Wegen Mangels an Beweisen

Blumberg, 11. Mai
Die Arbeiter Matysiak und Mania aus Berlin standen unter der Anklage der Wilddieberei. Sie sollen am 26. August v. J. bei Blumberg in der beim alten Bernauer Weg gelegenen Waldung ein Reh geschossen haben. An jenem Tage hörte der Heger Wolf auf seinem Dienstgang einen Schuß und sah, wie in einiger Entfernung zwei Männer aus dem Walde auf die Straße bogen. Er fand in der Nähe der Stelle, wo er die beiden gesehen hatte, wohlversteckt ein erlegtes Reh liegen. Förster und Landjäger wurden ins Bild gesetzt und man traf Anstalten, die Wilddiebe zu fangen.
Am 29. August sah man an der Stelle, wo das Reh geschossen worden war, zwei Männer lagern, die Rucksäcke trugen. Man bemächtigte sich ihrer und brachte sie nach Bernau zur Polizeiwache, wo man ihre Personalien feststellte und bei ihnen einen zusammengelegten geladenen Tesching mit Schalldämpfer fand. Diese Gegenstände wurden samt der beiden Rucksäcke beschlagnahmt. Die Säcke wurden zur Untersuchung eingesandt, und die wissenschaftlichen Sachverständigen sagten aus, daß darin Haare von Hasen und Rehen jüngerer und älterer Herkunft, sowie Blutflecke von Hasen und Kaninchen und von Rehen oder Hirschen sich befanden. Alles das deutete darauf hin, daß man es mit gewerbsmäßigen Wilddieben zu tun hatte.
Die Beiden bestreiten aber jede Schuld. Sie wollen sich auf einem Spaziergang befunden haben. Mit dem Tesching wollten sie Schießübungen veranstalten. Das Gericht kam, da beiden nichts nachzuweisen war, zu einem Freispruch.

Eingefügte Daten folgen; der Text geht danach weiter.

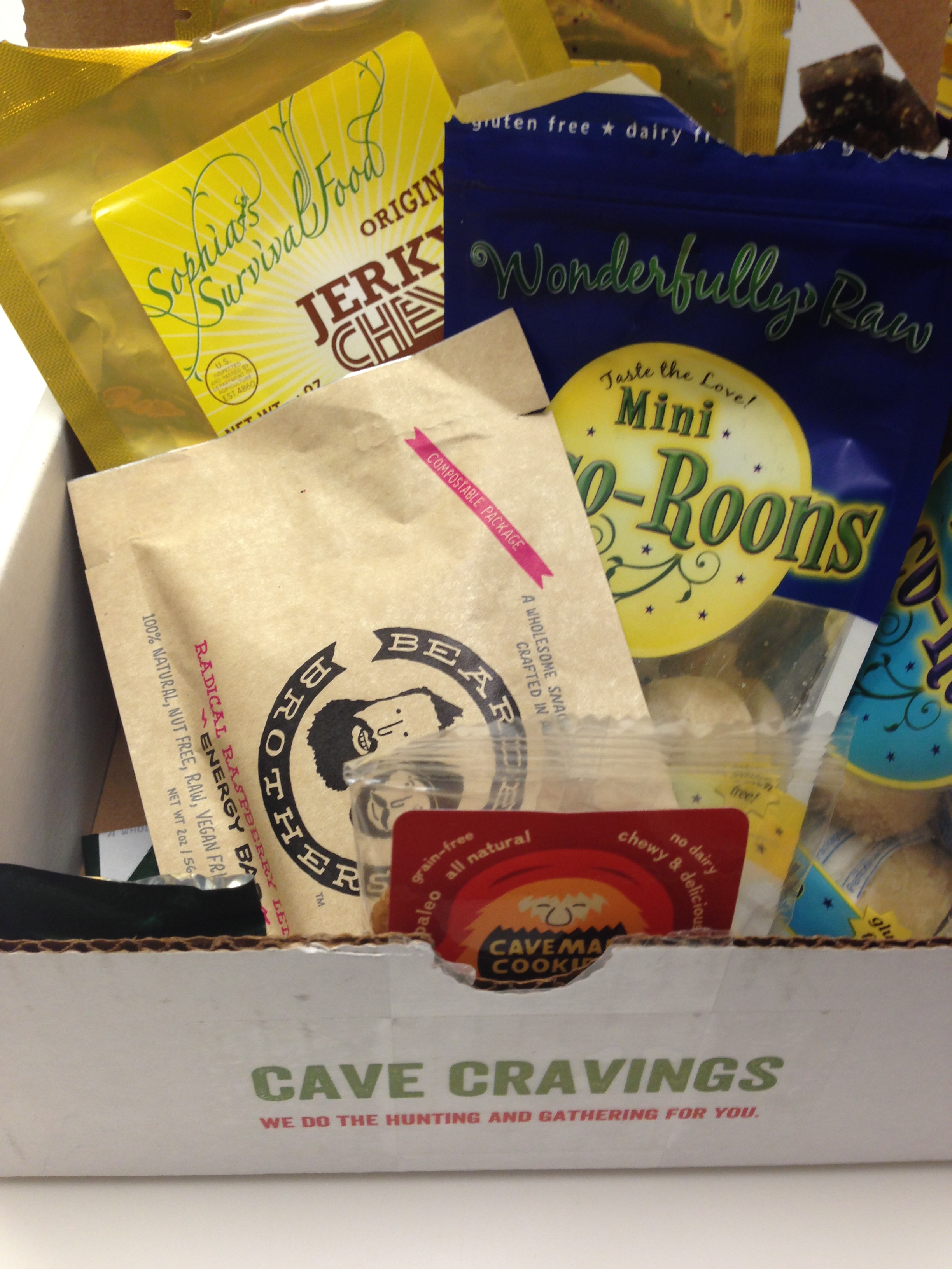 Inside: two packages of Miniature Coco-Roons from Wonderfully Raw, Lemon Pie and Vanilla Maple, two packages of Sophia’s Survival Food Jerky Chews, Original and Mild, 2 Bearded Brothers energy bars in Radical Raspberry Lemon and 2 Bearded Brothers Chews, 1 in Ginger Peach and 1 in Maca Chcoloate and 2 Original Caveman Cookies.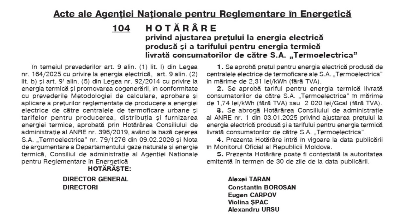 Din 13 februarie, consumul de energie termică este calculat la tarife noi. Chișinăuienii vor plăti mai puțin pentru căldură decât până acum, în timp ce la Bălți serviciile se scumpesc. Au fost operate ajustări și în alte localități din țară, noile tarife fiind publicate în Monitorul Oficial al Republicii Moldova.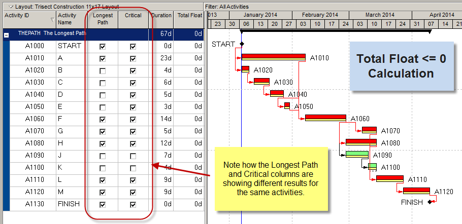 下面的示例显示了当使用Total Float方法计算关键路径时,关键路径是如何出现的。活动A1050有一个“Finish On or Before”约束,它等于它的计划完成日期,所以它和它的前辈显示关键。如果他们错过了,他们可能不会影响项目的结束日期,但他们将超出他们的约束日期;这就是为什么从' Total Float <= 0 '的角度显示它们是关键的。
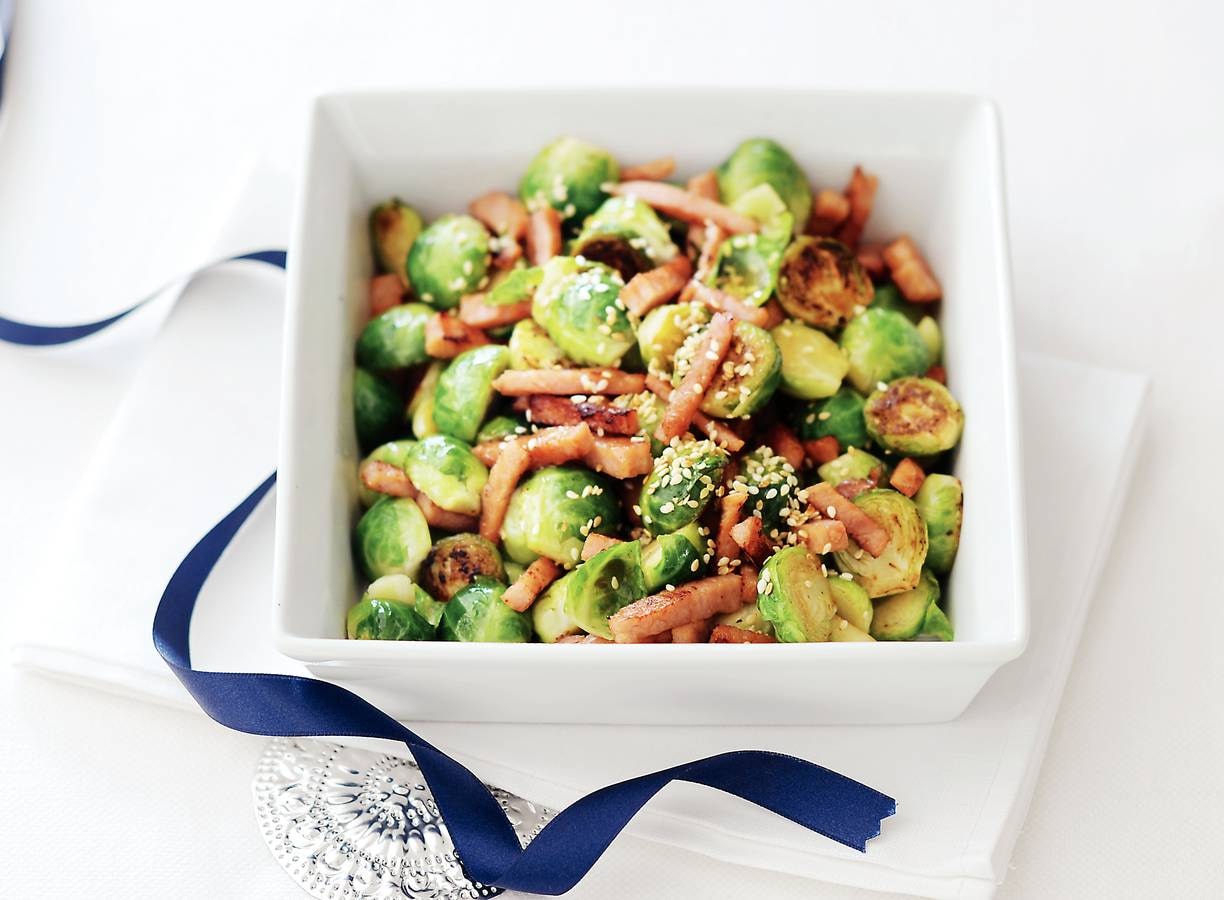 Halveer de spruitjes. Kook ze in water met zout in 10 min. beetgaar en giet af. Rooster de sesamzaadjes in een pan zonder olie en/of boter in 3 min. op middelhoog vuur goudbruin. Verhit de helft van de boter in een koekenpan en bak de hamreepjes 5 min. Voeg de spruiten en de rest van de boter toe. Breng op smaak met peper en zout. Bestrooi met het sesamzaad.

Aber mitunter schoß (im wahrsten Sinne des Wortes) der Förster oder der Jagdaufseher beim Aufspüren vermeintlicher Wilderer auch etwas über das Ziel hinaus, wie wir im Niederbarnimer Kreisblatt vom 3. August 1928 lesen können:

Blumberg. Ein Zwischenfall, der noch der näheren Aufklärung bedarf, ereignete sich am Mittwoch voriger Woche am Übergang des Börnicker Weges über die Bahn, in der Nähe unseres Dorfes.

Drei junge Leute im Alter von 15-17 Jahren hatten, wie uns geschrieben wird, abends gegen 9 Uhr eine Radfahrt gemacht und sich auf dem Rückwege nach Blumberg, halbwegs zwischen der Heide und dem Dorfe, ausgeruht. Einer von ihnen zündete sich beim Wiederaufbruch eine Zigarette an. Beim Aufsteigen sah einer von den dreien einen fremden Radler sich ihnen von der Heide auf dem selben Wege nähern. Die jungen Leute fuhren dann ziemlich flott ab, und kurz vor dem Bahnübergang hörte der letzte den Fremden rufen: "Wer nicht anhält, den schieße ich vom Rad". Dieser Warnung folgte der letzte. Einen Augenblick später war der Fremde neben ihm auf dem Bahnübergang, legte sein Rad nieder und schoß auf die beiden anderen, glücklicherweise ohne zu treffen.

Es stellte sich dann heraus, daß der Schütze der Jagdaufseher des Pächsters der Gemeindejagd war. Er war aber in der Entfernung und bei der Dunkelheit als Jagdschutzbeamter nicht zu erkennen. Angeblich hat er das Aufblitzen des Handfeuerzeuges, als der eine der drei jungen Leute sich eine Zigarette anzündete, für das Mündungsfeuer einer Waffe gehalten und ist dadurch in den Glauben versetzt worden, es hier mit Wilddieben oder doch zumindest mit Leuten zu tun zu haben, die unberechtigt eine Waffe führen. ...

Ganz folgenlos ist dieser Vorfall aber für den übereifrigen Jagdaufseher nicht geblieben, wie einge Wochen später (am 10. September 1928) in der gleichen Zeitung zu lesen war:

Blumberg.Über einen Zwischenfall, an dem drei auswärtige junge Leute und der Jagdpächter beteiligt waren, berichteten wir zu Anfang des vorigen Monats. Bekanntlich hatte der Jagdpächter auf zwei der jungen Leute geschossen, glücklicherweise, ohne zu treffen. Das Landratsamt hat dem Jagdaufseher nun den Jagdschein abnehmen lassen. Eine weitere Klärung dieser Angelegenheit wird die Gerichtsverhandlung bringen.